# Planting Smartweed



## ghadarits (May 28, 2014)

I found a supplier for smartweed seed and no this isn't Colorado smartweed.... I'm talking real Pennsylvania smartweed.

I'm planning on testing it out in three of my spots. A farm pond, a beaver swamp and a low area that stays damp and floods when we have a big rain that holds duck when its flooded to see how well it will do in each area before making a big investment in it. I bought 1lb which is supposed to plant one acre and it cost $42.00 shipped.

Does anyone have any experience planting smartweed? If so is it too late in the season for it to produce seed if planted this weekend?


----------



## MudDucker (May 29, 2014)

I got some from Texas years ago.  Planted it in my pond after doing all of the prep the seller recommended.  Did not get much of a stand.  You might do better.


----------



## Wild Turkey (May 29, 2014)

If im not mistaken the seed is very small like lovegrass and has a specific temp window for planting. Mixing with sand to make it cover and distribute seed will help.


----------



## across the river (May 29, 2014)

ghadarits said:


> I found a supplier for smartweed seed and no this isn't Colorado smartweed.... I'm talking real Pennsylvania smartweed.
> 
> I'm planning on testing it out in three of my spots. A farm pond, a beaver swamp and a low area that stays damp and floods when we have a big rain that holds duck when its flooded to see how well it will do in each area before making a big investment in it. I bought 1lb which is supposed to plant one acre and it cost $42.00 shipped.
> 
> Does anyone have any experience planting smartweed? If so is it too late in the season for it to produce seed if planted this weekend?

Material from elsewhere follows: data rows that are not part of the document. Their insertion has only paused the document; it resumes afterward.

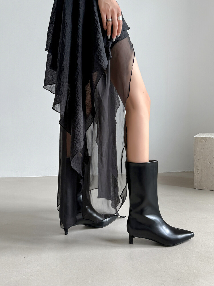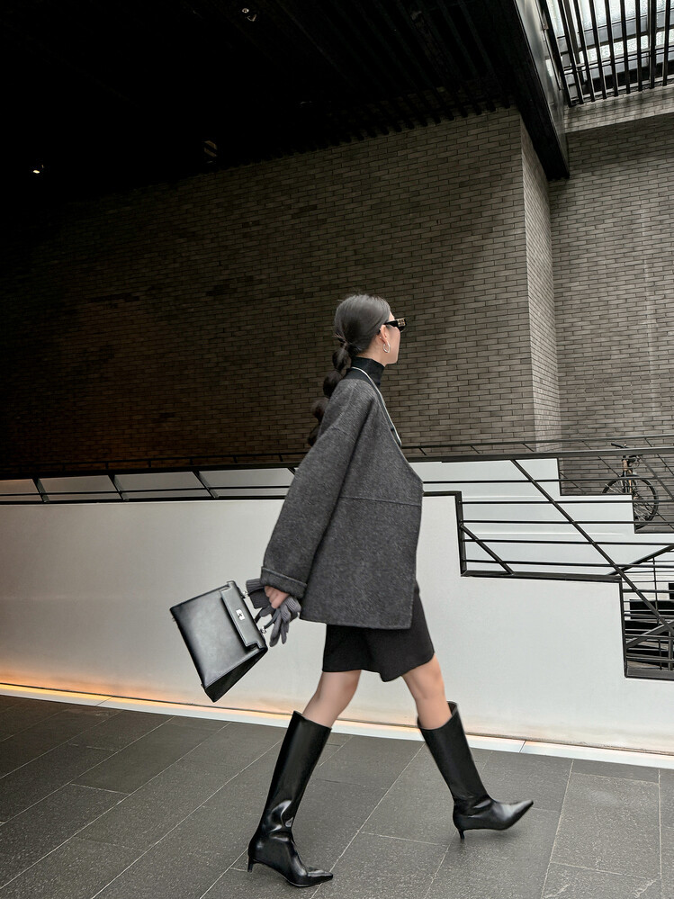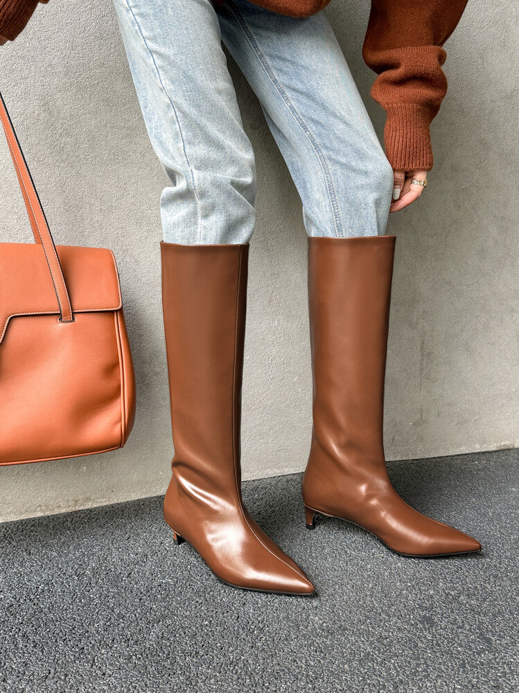 Puss-heel 슬리브 부츠 여성용 무릎 높이 부츠 가을 및 겨울 새로운 Cowhide 뾰족한 발가락 와이드 배럴 소매 미드 힐 무릎 높이 부츠
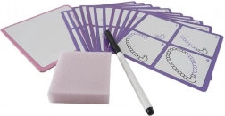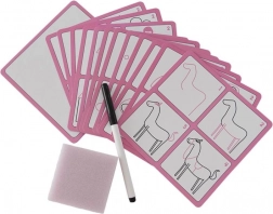 12 schede con immagini, pennarello cancellabile speciale, spugnetta
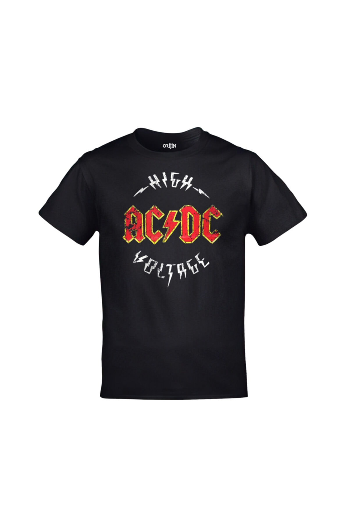 Unisex Siyah Ac Dc High Voltage Baskılı Tshirt
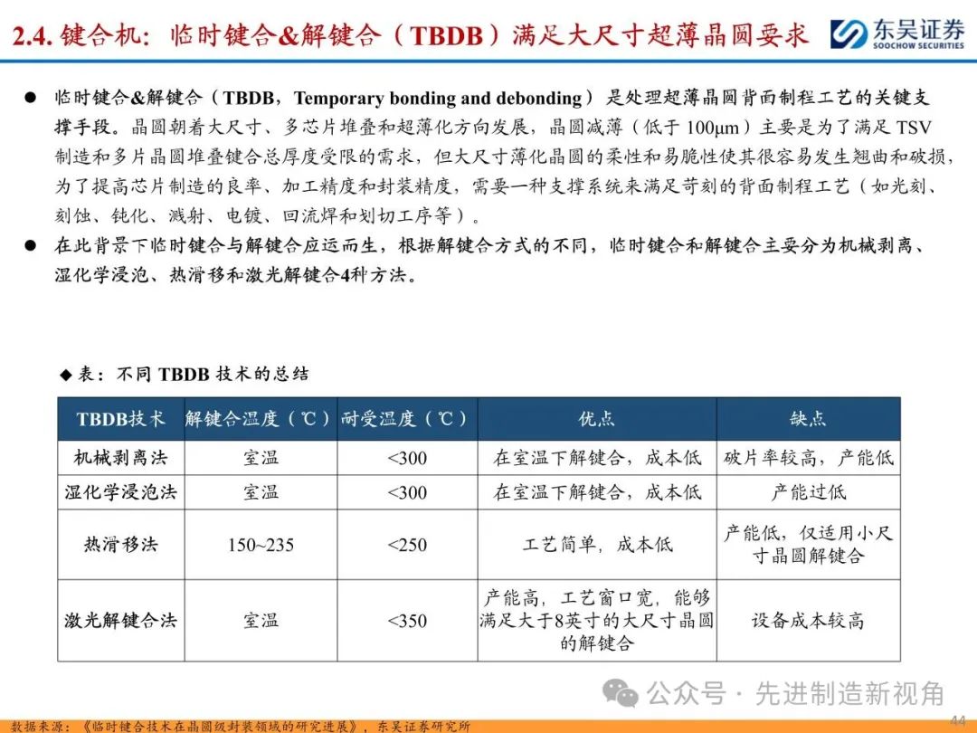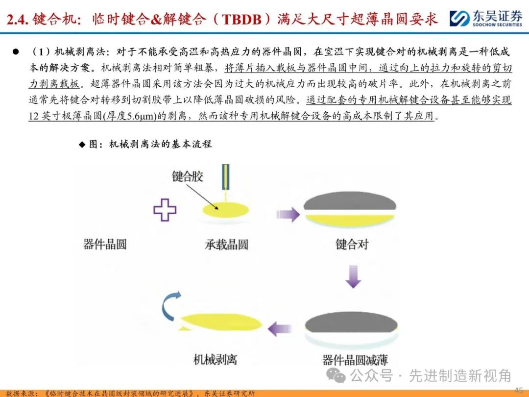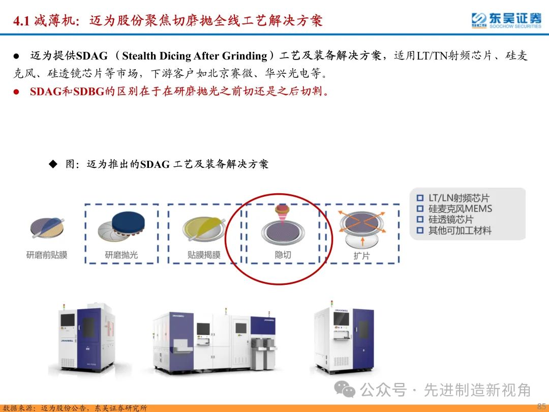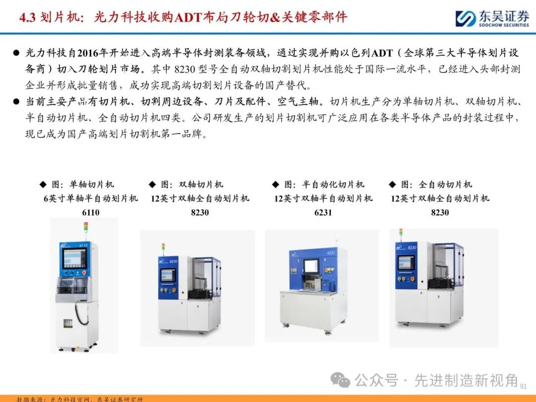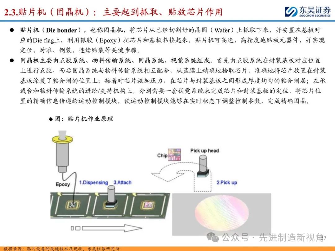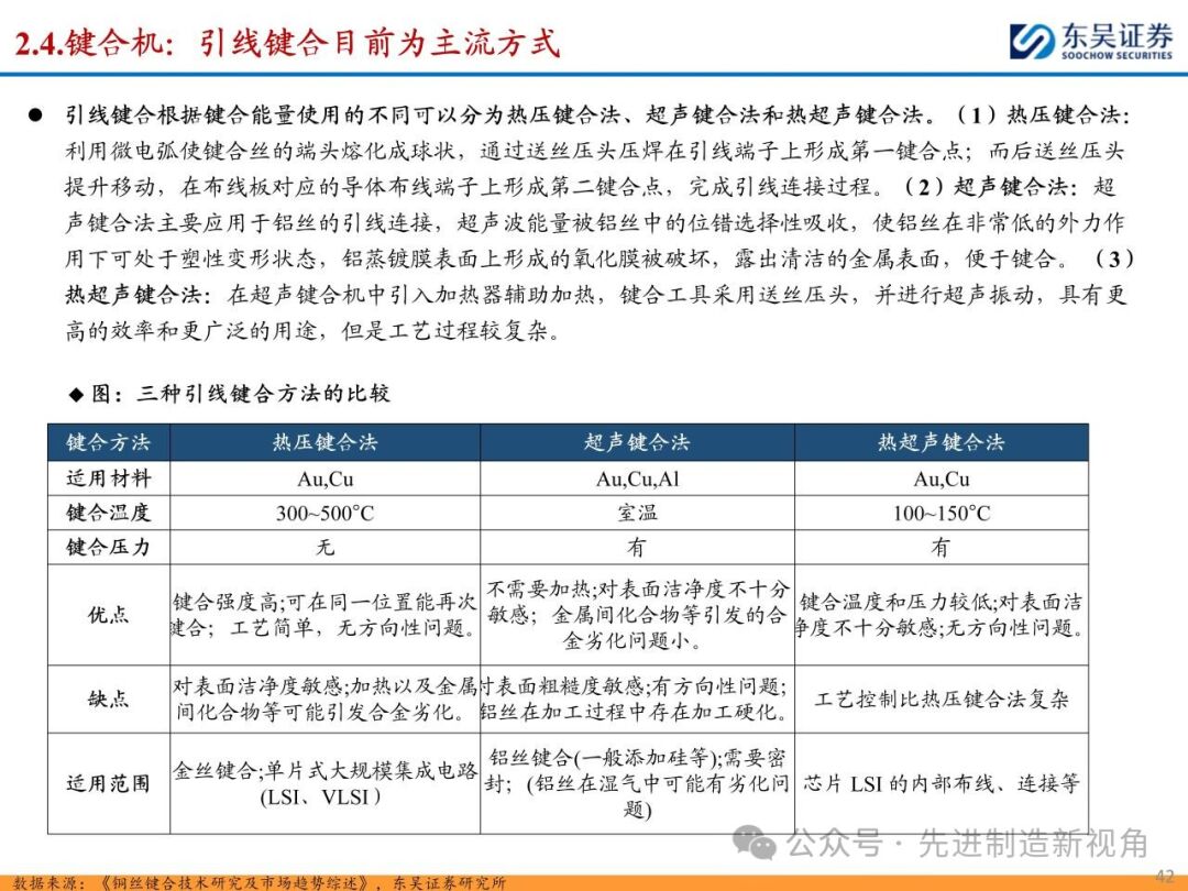 (1)传统后道设备:①减薄机:可分为转台式磨削和硅片旋转磨削两种方式,先进的多层封装芯片厚度都在100μm以下甚至30μm以下,增大减薄难度;②划片机:目前以砂轮划片机为主导,激光划片机补充,激光切在超薄硅晶圆、低k介质晶圆、小尺寸及 MEMS 芯片方面凸显出重要优势;③固晶机:对设备的效率和精度要求提高,关键在于视觉对位系统、运动控制等;④键合机:过去传统多为引线键合,但晶圆级封装技术快速发展,如临时键合&解键合是处理超薄晶圆背面制程工艺的关键支撑,混合键合仅通过铜触点实现短距离电气互连;⑤塑封机:转注封装多用于传统封装,先进封装背景下压塑封装为未来趋势;⑥电镀机:传统封装中电镀机主要在封装体的特定部位上沉积金属层,随着先进封装发展,例如凸块、 RDL、 TSV等均需要电镀金属铜进行沉积。
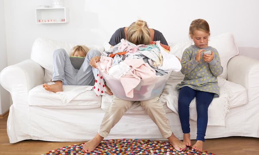 Beim Einkaufen trifft die Mutter einen Bekannten. Ihr Fünfjähriger fällt ihr ständig ins Wort, sie kann keinen Satz zu Ende sprechen. Der Bekannte ist irritiert, die Mutter verabschiedet sich mit einem Schulterzucken.

It will need about 100 days to mature, so you could still get it to seed by sometime in Sept if you plant it now. Smartweed is one of those things that is usually easier to manage if it is already there than to get started, because if the habitat is good for it, it will likely already be there.  If you can drain down the pond or beaver pond and sow it on a wet mudflat you have a decent shot at getting it to take. And like Jap millet you can flood it a little once it is up some. If you can't control the water level it is tough.  In my experience I have never seen anyone have a lot of success just tossing it around the edge of a pond.   Even if you get some to take it doesn't make enough to really draw the birds just having it around the edges.  You need a large shallow mudflat or wet weather pond that dries out in the summer and floods in the winter.  If your low lying area is like that, and you can prepare the land to plant it , that might be you best bet.  Once you get it established, just lightly harrow (I have seen people burn it too) the spot each year  and it will come back thicker the next year just form the seeds it dropped.  If you don't fish the beaver pond you could look at putting some type aquatic vegetation in it.


----------



## ghadarits (Jun 1, 2014)

across the river said:


> It will need about 100 days to mature, so you could still get it to seed by sometime in Sept if you plant it now. Smartweed is one of those things that is usually easier to manage if it is already there than to get started, because if the habitat is good for it, it will likely already be there.  If you can drain down the pond or beaver pond and sow it on a wet mudflat you have a decent shot at getting it to take. And like Jap millet you can flood it a little once it is up some. If you can't control the water level it is tough.  In my experience I have never seen anyone have a lot of success just tossing it around the edge of a pond.   Even if you get some to take it doesn't make enough to really draw the birds just having it around the edges.  You need a large shallow mudflat or wet weather pond that dries out in the summer and floods in the winter.  If your low lying area is like that, and you can prepare the land to plant it , that might be you best bet.  Once you get it established, just lightly harrow (I have seen people burn it too) the spot each year  and it will come back thicker the next year just form the seeds it dropped.  If you don't fish the beaver pond you could look at putting some type aquatic vegetation in it.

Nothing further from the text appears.